Project description:AIM:To investigate the microsatellite alterations in phenotypically normal esophageal squamous epithelium and metaplasia-dysplasia-adenocarcinoma sequence. METHODS:Forty-one specimens were obtained from esophageal cancer (EC) patients. Histopathological assessment identified 23 squamous cell carcinomas (SCC) and 18 adenocarcinomas (ADC), including only 8 ADC with Barrett esophageal columnar epithelium (metaplasia) and dysplasia adjacent to ADC. Paraffin-embedded normal squamous epithelium, Barrett esophageal columnar epithelium (metaplasia), dysplasia and esophageal tumor tissues were dissected from the surrounding tissues under microscopic guidance.
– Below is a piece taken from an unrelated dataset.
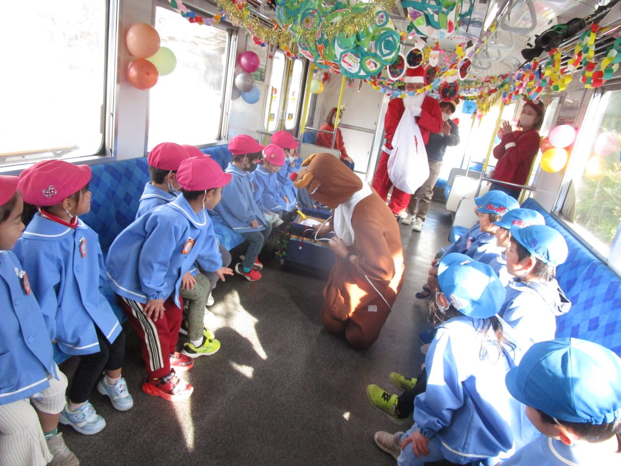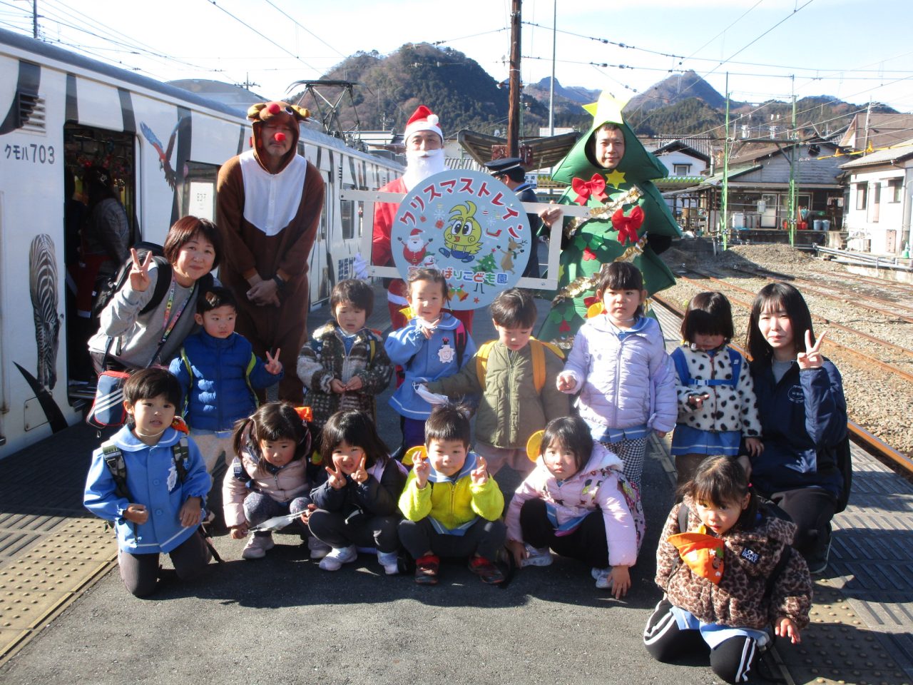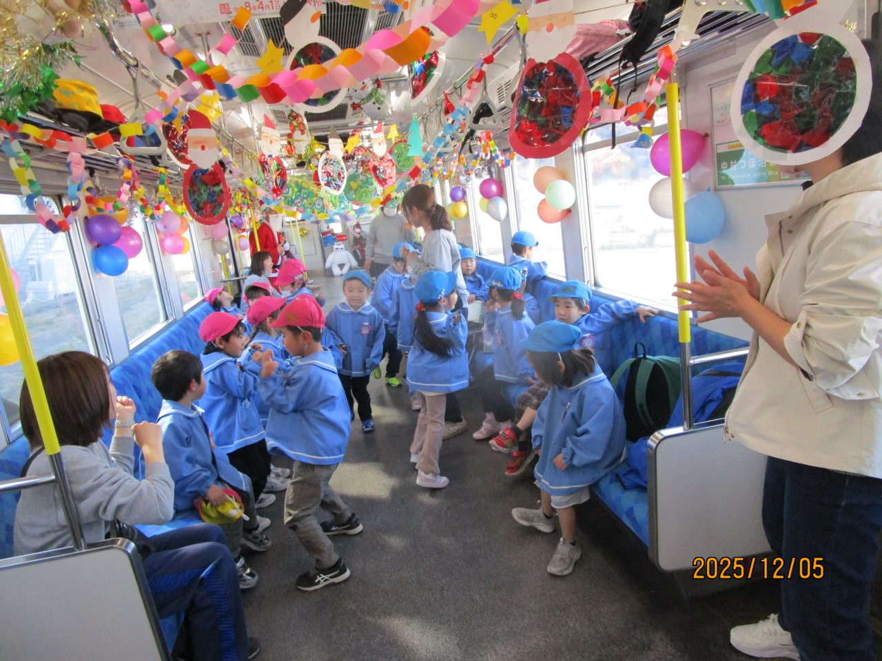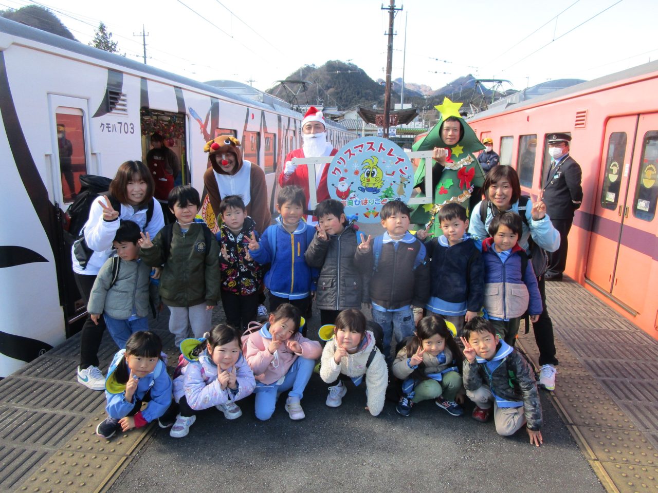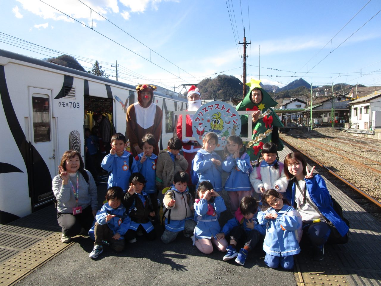 12月5日(金)毎年恒例の『ひばり号クリスマストレイン特別臨時列車』に乗って、下仁田駅まで行ってきました。新しいサファリ電車がひばり号に飾り付けられて富岡駅のホームに入ってくると子どもたちから大歓声が沸き上がりました‼電車の中は、たんぽぽ組さんからクラスごとに作った飾りや輪つなぎで🎄クリスマスムード一面。ちゅうりっぷ組もコスモス組も初めはちょっと緊張していたけれど🎅サンタさんにプレゼント🎁をもらって😊にこにこに・・・荷物の重そうなトナカイさん🦌に「がんばれー!」と応援して、サンタさんに「メリークリスマス、ありがとう」とお話ししたり、歌を歌ったりしながら下仁田駅へ到着🚃

DNA was extracted using proteinase K digestion buffer, and DNA was diluted at 1:100, 1:1000, 1:5000, 1:10000 and 1:50000, respectively. Seven microsatellite markers (D2S123, D3S1616, D3S1300, D5S346, D17S787, D18S58 and BATRII loci) were used in this study. Un-dilution and dilution polymerase chain reactions (PCR) were performed, and microsatellite analysis was carried out. RESULTS:No statistically significant difference was found in microsatellite instability (MSI) and loss of heterozygosity (LOH) of un-diluted DNA between SCC and ADC. The levels of MSI and LOH were high in the metaplasia-dysplasia-adenocarcinoma sequence of diluted DNA. The more the diluted DNA was, the higher the rates of MSI and LOH were at the above 7 loci, especially at D3S1616, D5S346, D2S123, D3S1300 and D18S58 loci. CONCLUSION:The sequence of metaplasia-dysplasia-adenocarcinoma is associated with microsatellite alterations, including MSI and LOH. The MSI and LOH may be the early genetic events during esophageal carcinogenesis, and genetic alterations at the D3S1616, D5S346 and D3S123 loci may play a role in the progress of microsatellite alterations.